▸ TASK REQUIREMENTS
Set down the entries again word for word, without any of the images.

▸ DATA RECORDS
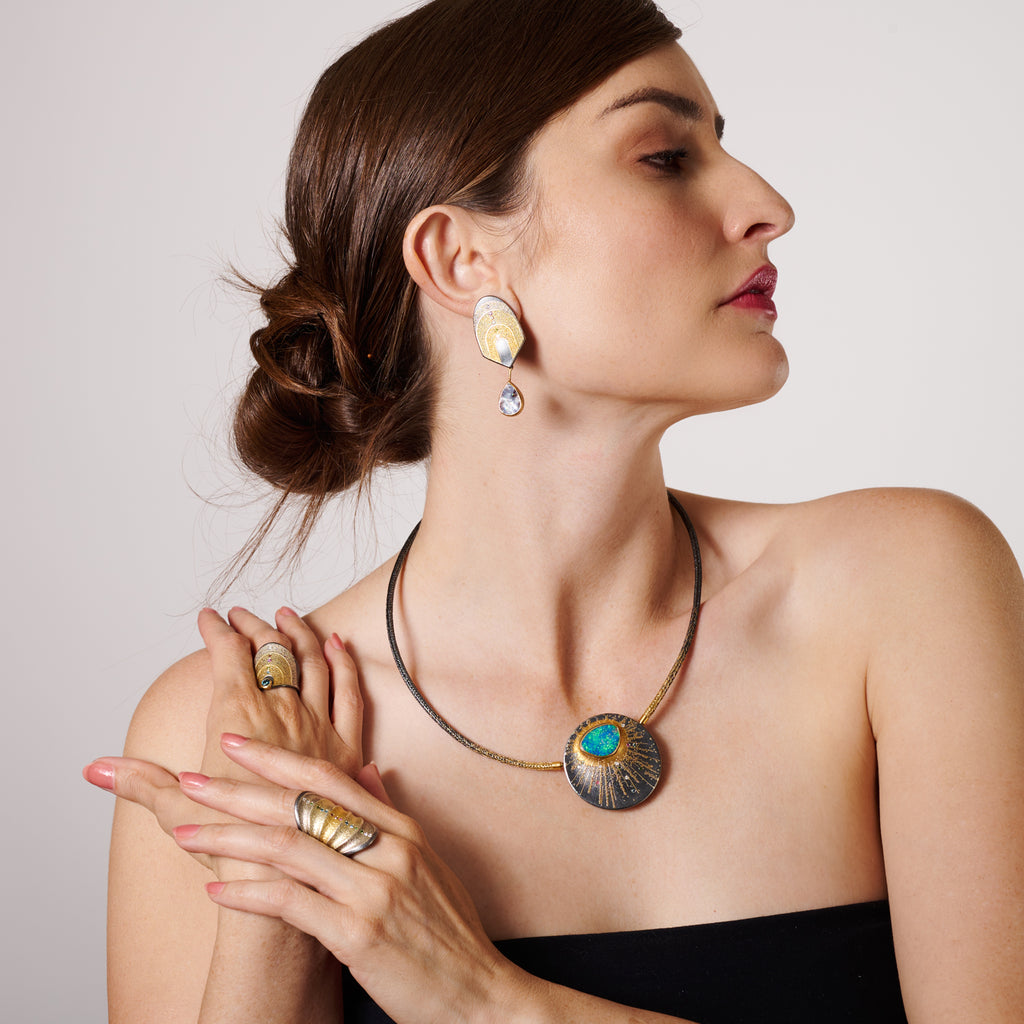 As shown with: Rainbow Diamond Ring, Knitted Oxidized Silver And Gold Necklace, Blue Diamond Ring, and Boulder Opal Earrings.
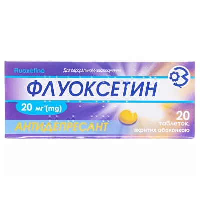 Фармакокінетика. Всмоктується з травного тракту. Слабко метаболізується при першому проходженні через печінку. Приймання їжі не впливає не ступінь всмоктування, хоча може уповільнити його швидкість. Максимальна концентрація у плазмі крові досягається через 6-8 годин. Рівноважна концентрація у плазмі крові досягається тільки після безперервного приймання протягом кількох тижнів. Зв’язування з білками – 94,5 %. Легко проникає через гематоенцефалічний бар’єр. Метаболізується у печінці шляхом деметилювання з утворенням основного активного метаболіту – норфлуоксетину. Період напіввиведення флуоксетину становить 2-3 дні, норфлуоксетину – 7-9 днів. Виводиться нирками (80 %) і через кишечник – приблизно 15 %.
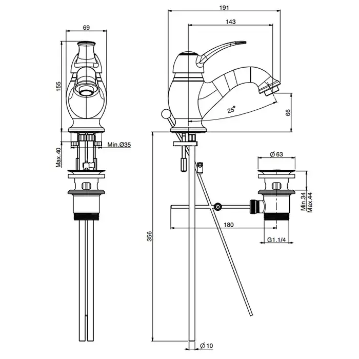 Fima Carlo Frattini Lamp Смеситель для раковины, на 1 отв., с донным клапаном, цвет: золото
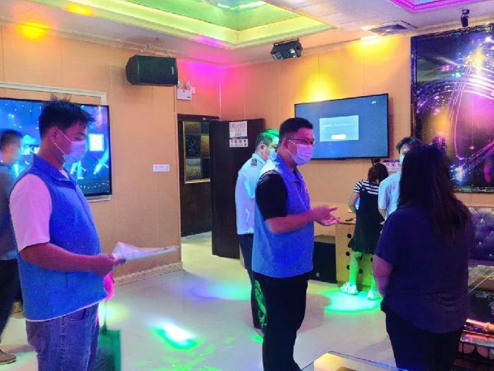 在KTV、宾馆、超市等公共复杂场所,网格员们还仔细检查了重要场所疫情防控措施落实情况,指导公共复杂场所落实人员正确佩戴口罩、查验健康码、行程码、测量体温等防控措施。
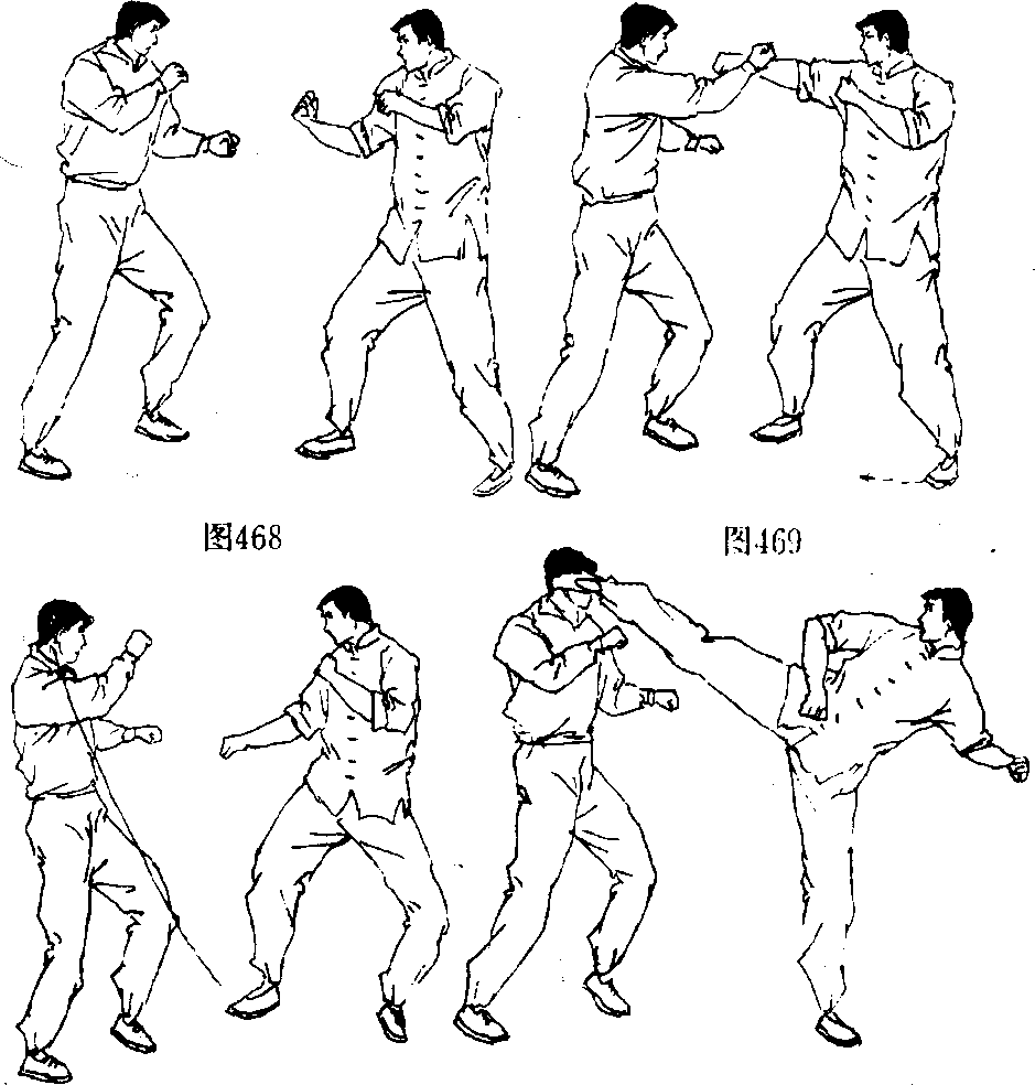 运用方法:可由戒备势开始(图468),对付一个右手在前 的对手时,李小龙抢先发起攻击,用一记前手直拳分散对手的 注意力(图469);接着,左脚迅速跟进,与此同时,抬起右脚重 创对手面部或头部要害处(图470、图471),将其踢伤或踢倒 在地。
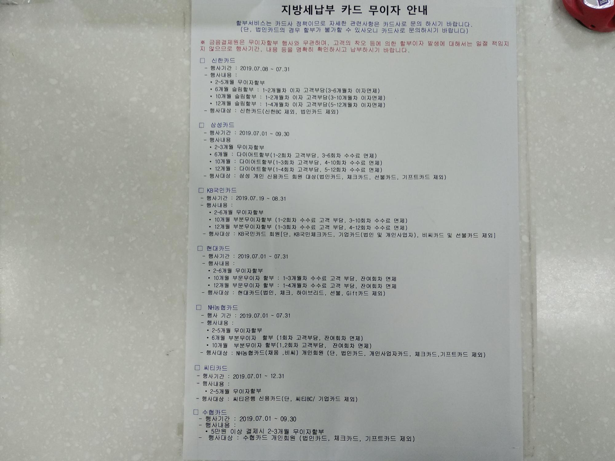 지방세 납부 카드 안내입니다.
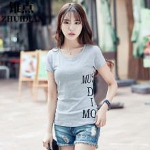 锥点2017春夏新品韩版字母印花宽松显瘦短袖t恤女百搭套头圆领女T
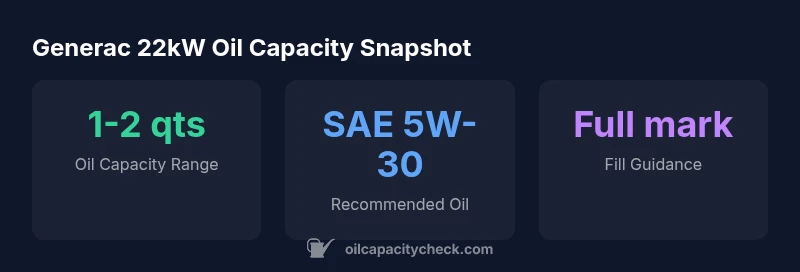According to Oil Capacity Check, the oil capacity for a Generac 22kW standby generator is model-specific. Most 22kW Generac engines require roughly 1.5 quarts of oil, with a typical range of 1-2 quarts depending on the exact model. Always consult the official Generac spec sheet and fill to the full mark using the manufacturer-recommended oil.
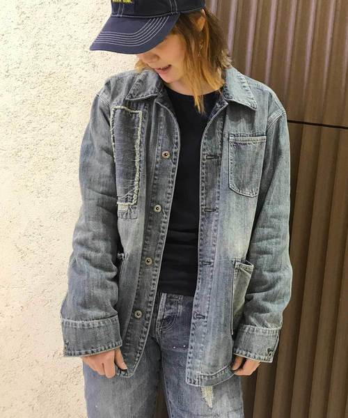 11ozムラ糸インディゴデニムを使用したダメージカバーオールです。 特赦な洗い加工や手作業によるダメージ・リペアのパッチワークが、 リアルなヴィンテージ感を演出しています。 1940~1950年代のヴィンテージカバーオールをデザインソースにしたディテールがポイントです。 【ATTENTION】 この製品はヴィンテージ風の外観を与えるため特殊な加工が施されてます。 生地の表面に擦り切れや傷をつける加工を施し、着古した服のイメージを出したデザインで 欠損品ではありません。また、ダメージの出方は一枚一枚異なりますのでご了承ください。 着用や洗濯を繰り返すことで、更に擦り切れ等が生じてきますが商品の特性として ご理解ください。

▸ RESULT
 As shown with: Rainbow Diamond Ring, Knitted Oxidized Silver And Gold Necklace, Blue Diamond Ring, and Boulder Opal Earrings.
 Фармакокінетика. Всмоктується з травного тракту. Слабко метаболізується при першому проходженні через печінку. Приймання їжі не впливає не ступінь всмоктування, хоча може уповільнити його швидкість. Максимальна концентрація у плазмі крові досягається через 6-8 годин. Рівноважна концентрація у плазмі крові досягається тільки після безперервного приймання протягом кількох тижнів. Зв’язування з білками – 94,5 %. Легко проникає через гематоенцефалічний бар’єр. Метаболізується у печінці шляхом деметилювання з утворенням основного активного метаболіту – норфлуоксетину. Період напіввиведення флуоксетину становить 2-3 дні, норфлуоксетину – 7-9 днів. Виводиться нирками (80 %) і через кишечник – приблизно 15 %.
 Fima Carlo Frattini Lamp Смеситель для раковины, на 1 отв., с донным клапаном, цвет: золото
 在KTV、宾馆、超市等公共复杂场所,网格员们还仔细检查了重要场所疫情防控措施落实情况,指导公共复杂场所落实人员正确佩戴口罩、查验健康码、行程码、测量体温等防控措施。
 运用方法:可由戒备势开始(图468),对付一个右手在前 的对手时,李小龙抢先发起攻击,用一记前手直拳分散对手的 注意力(图469);接着,左脚迅速跟进,与此同时,抬起右脚重 创对手面部或头部要害处(图470、图471),将其踢伤或踢倒 在地。
 지방세 납부 카드 안내입니다.
 锥点2017春夏新品韩版字母印花宽松显瘦短袖t恤女百搭套头圆领女T
According to Oil Capacity Check, the oil capacity for a Generac 22kW standby generator is model-specific. Most 22kW Generac engines require roughly 1.5 quarts of oil, with a typical range of 1-2 quarts depending on the exact model. Always consult the official Generac spec sheet and fill to the full mark using the manufacturer-recommended oil.
 11ozムラ糸インディゴデニムを使用したダメージカバーオールです。 特赦な洗い加工や手作業によるダメージ・リペアのパッチワークが、 リアルなヴィンテージ感を演出しています。 1940~1950年代のヴィンテージカバーオールをデザインソースにしたディテールがポイントです。 【ATTENTION】 この製品はヴィンテージ風の外観を与えるため特殊な加工が施されてます。 生地の表面に擦り切れや傷をつける加工を施し、着古した服のイメージを出したデザインで 欠損品ではありません。また、ダメージの出方は一枚一枚異なりますのでご了承ください。 着用や洗濯を繰り返すことで、更に擦り切れ等が生じてきますが商品の特性として ご理解ください。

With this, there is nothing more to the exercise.